What to do
Your answer must be the lines from the one containing "Ünlü aktör Jackie" through the last line of the records below, copied exactly, with the pictures left out.

** Opening Dataset content block **

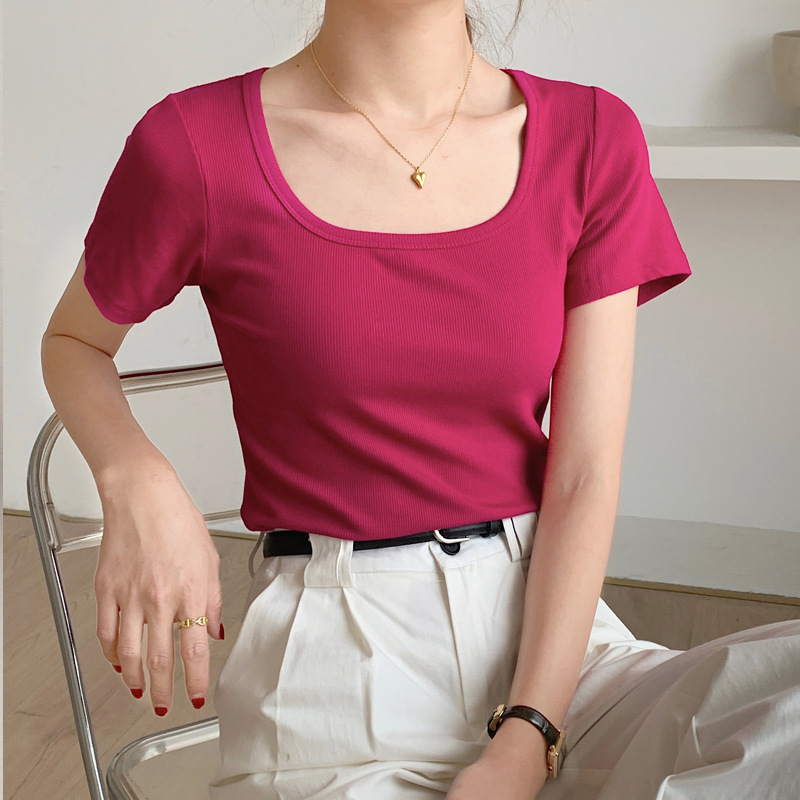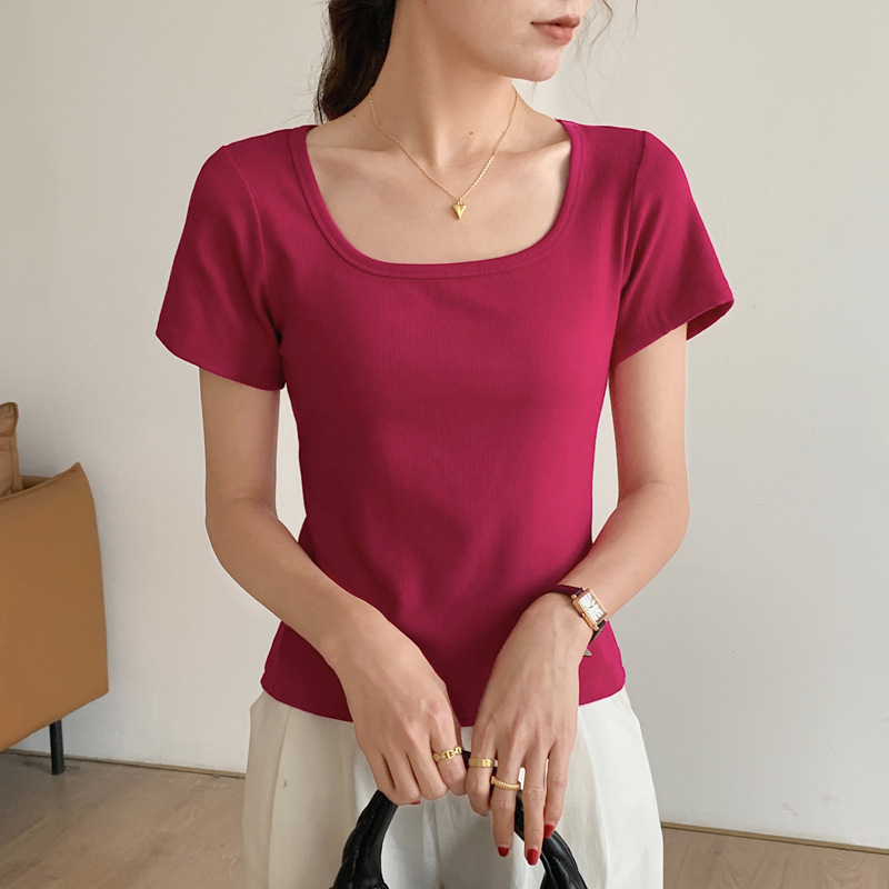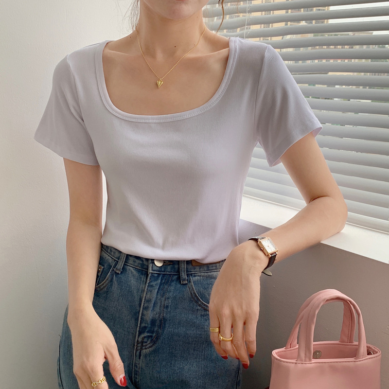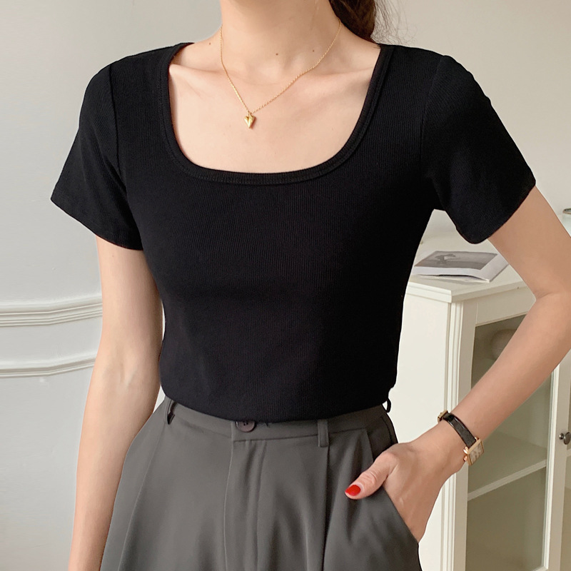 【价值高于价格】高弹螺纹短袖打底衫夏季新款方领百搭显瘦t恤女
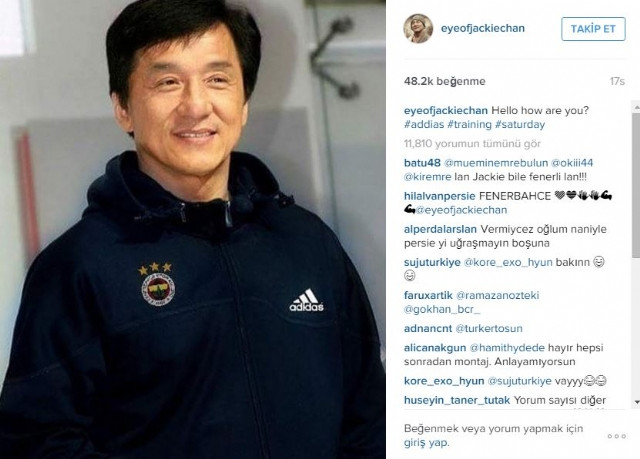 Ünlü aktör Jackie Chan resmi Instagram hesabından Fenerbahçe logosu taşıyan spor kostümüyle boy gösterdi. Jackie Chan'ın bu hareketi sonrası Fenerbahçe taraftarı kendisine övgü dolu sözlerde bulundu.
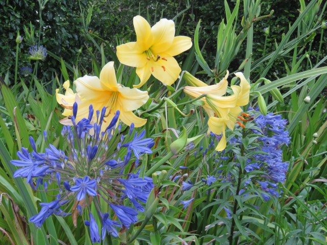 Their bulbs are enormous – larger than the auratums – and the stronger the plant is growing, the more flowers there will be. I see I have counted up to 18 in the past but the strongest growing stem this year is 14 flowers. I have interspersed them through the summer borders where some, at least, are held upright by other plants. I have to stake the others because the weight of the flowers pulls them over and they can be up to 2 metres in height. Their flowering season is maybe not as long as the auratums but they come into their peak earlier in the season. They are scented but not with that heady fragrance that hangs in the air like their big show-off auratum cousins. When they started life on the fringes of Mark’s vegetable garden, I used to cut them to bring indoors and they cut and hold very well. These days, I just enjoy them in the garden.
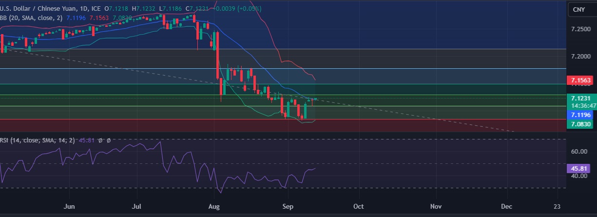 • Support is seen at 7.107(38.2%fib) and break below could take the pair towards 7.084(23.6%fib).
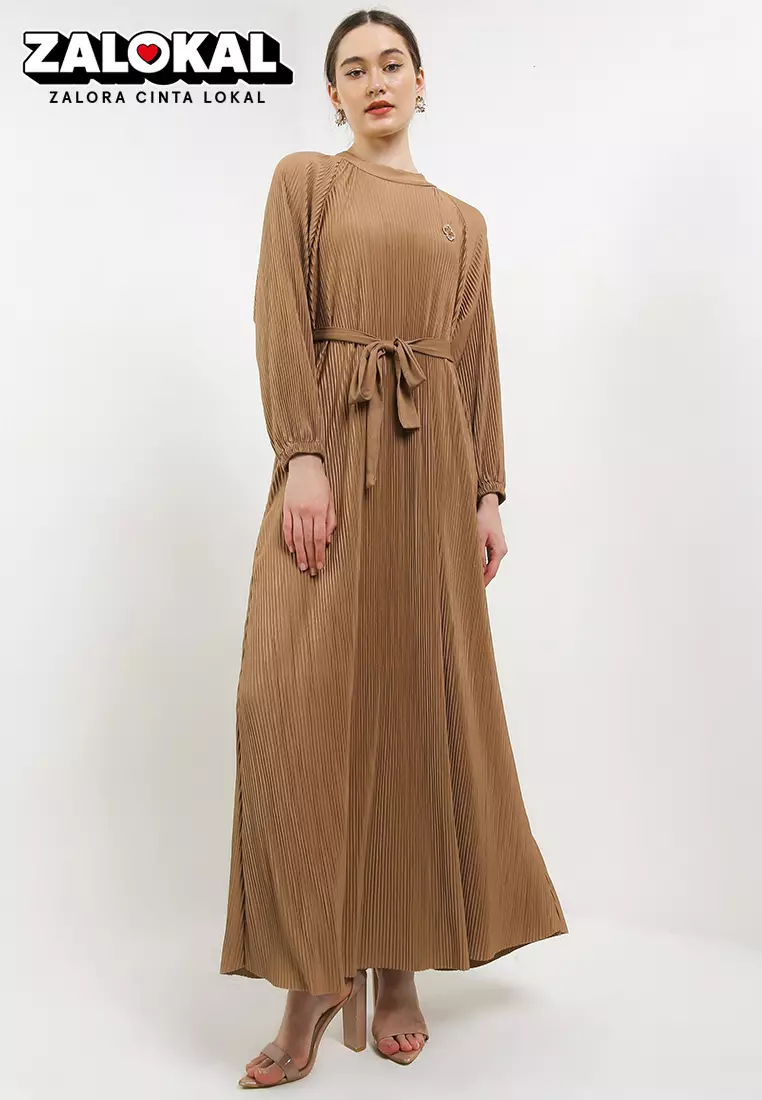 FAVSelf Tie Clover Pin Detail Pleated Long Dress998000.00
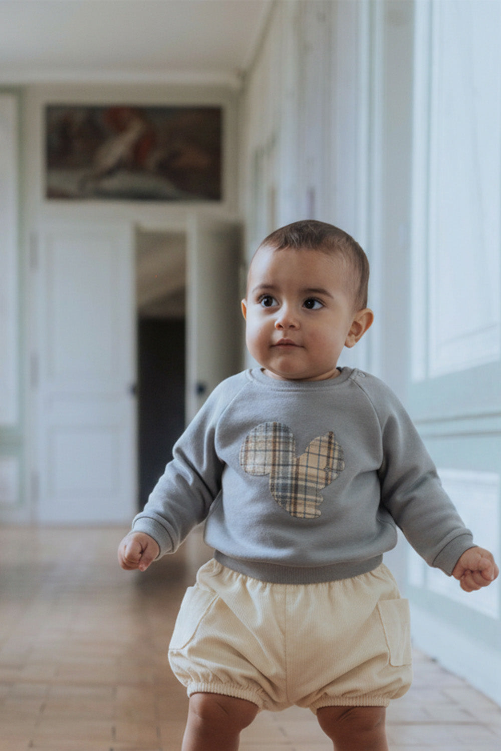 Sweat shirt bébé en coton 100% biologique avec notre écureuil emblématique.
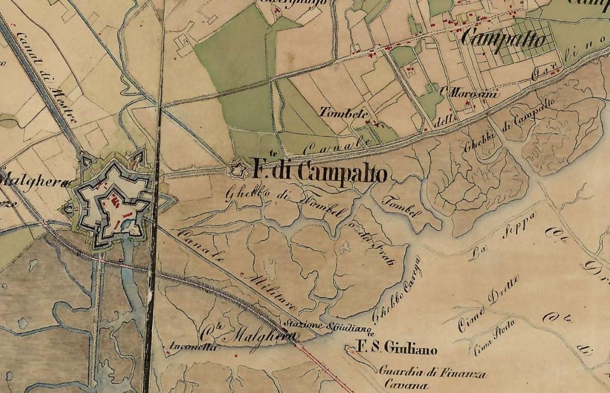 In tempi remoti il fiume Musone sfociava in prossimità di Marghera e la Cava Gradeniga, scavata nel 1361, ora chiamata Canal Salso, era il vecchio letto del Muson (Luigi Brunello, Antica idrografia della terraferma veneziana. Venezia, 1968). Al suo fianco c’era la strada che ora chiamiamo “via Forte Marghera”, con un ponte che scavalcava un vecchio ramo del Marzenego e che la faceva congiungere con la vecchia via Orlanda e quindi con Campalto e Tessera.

** Closing Dataset content block **

Written answer
 Ünlü aktör Jackie Chan resmi Instagram hesabından Fenerbahçe logosu taşıyan spor kostümüyle boy gösterdi. Jackie Chan'ın bu hareketi sonrası Fenerbahçe taraftarı kendisine övgü dolu sözlerde bulundu.
 Their bulbs are enormous – larger than the auratums – and the stronger the plant is growing, the more flowers there will be. I see I have counted up to 18 in the past but the strongest growing stem this year is 14 flowers. I have interspersed them through the summer borders where some, at least, are held upright by other plants. I have to stake the others because the weight of the flowers pulls them over and they can be up to 2 metres in height. Their flowering season is maybe not as long as the auratums but they come into their peak earlier in the season. They are scented but not with that heady fragrance that hangs in the air like their big show-off auratum cousins. When they started life on the fringes of Mark’s vegetable garden, I used to cut them to bring indoors and they cut and hold very well. These days, I just enjoy them in the garden.
 • Support is seen at 7.107(38.2%fib) and break below could take the pair towards 7.084(23.6%fib).
 FAVSelf Tie Clover Pin Detail Pleated Long Dress998000.00
 Sweat shirt bébé en coton 100% biologique avec notre écureuil emblématique.
 In tempi remoti il fiume Musone sfociava in prossimità di Marghera e la Cava Gradeniga, scavata nel 1361, ora chiamata Canal Salso, era il vecchio letto del Muson (Luigi Brunello, Antica idrografia della terraferma veneziana. Venezia, 1968). Al suo fianco c’era la strada che ora chiamiamo “via Forte Marghera”, con un ponte che scavalcava un vecchio ramo del Marzenego e che la faceva congiungere con la vecchia via Orlanda e quindi con Campalto e Tessera.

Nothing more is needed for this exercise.